Anthropic says it will not use personal data to train its AI.

adminJanuary 6, 2024

Leading generative AI startup Anthropic has declared that it will not use its customers’ data to train large language models (LLMs) and will intervene to protect users facing copyright lawsuits.

Anthropic, founded by former OpenAI researchers, has updated its commercial terms of service to state its ideals and intentions.
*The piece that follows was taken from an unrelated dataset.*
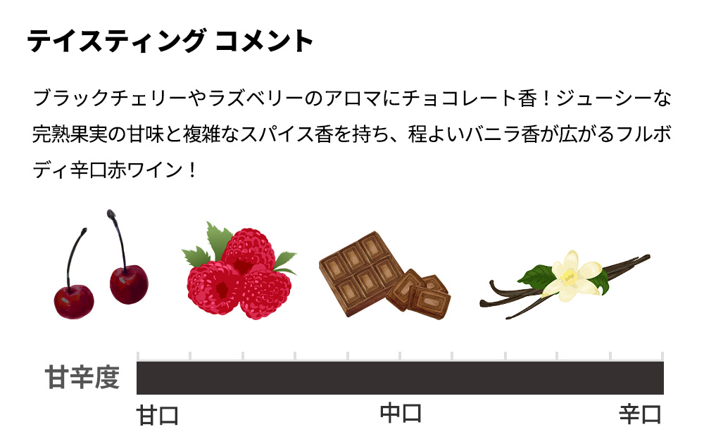 ブラックチェリーやラズベリーのアロマにチョコレート香!ジューシーな完熟果実の甘味と複雑なスパイス香を持ち、程よいバニラ香が広がるフルボディ辛口赤ワインが待望の入荷!

By segregating the personal data of its own customers, Anthropic is firmly differentiating itself from competitors like OpenAI, Amazon, and Meta, which leverage user content to improve their systems.

“Anthropic may not train models on customer content from paid services,” the updated terms add. “As between the parties, to the extent permitted by applicable law, Anthropic agrees that Customer owns all Deliverables, and hereby disclaims all rights therein. It will receive Customer Content subject to these Terms.”

These terms state that “Anthropic does not expect to acquire any rights to Customer Content under these Terms” and “does not grant, by implication or otherwise, to either party any rights to the other party’s content or intellectual property rights.” It is clearly stated.

On the surface, the updated legal documents provide protection and transparency for Anthropic’s commercial customers. For example, the company owns all AI output created to avoid potential IP disputes. Anthropic is also committed to protecting its customers from copyright claims for any infringing content created by Claude.

This policy is consistent with Anthropic’s mission statement that AI should be beneficial, non-harmful, and honest. As public skepticism about the ethics of generative AI grows, companies’ efforts to address issues such as data privacy could provide a competitive advantage.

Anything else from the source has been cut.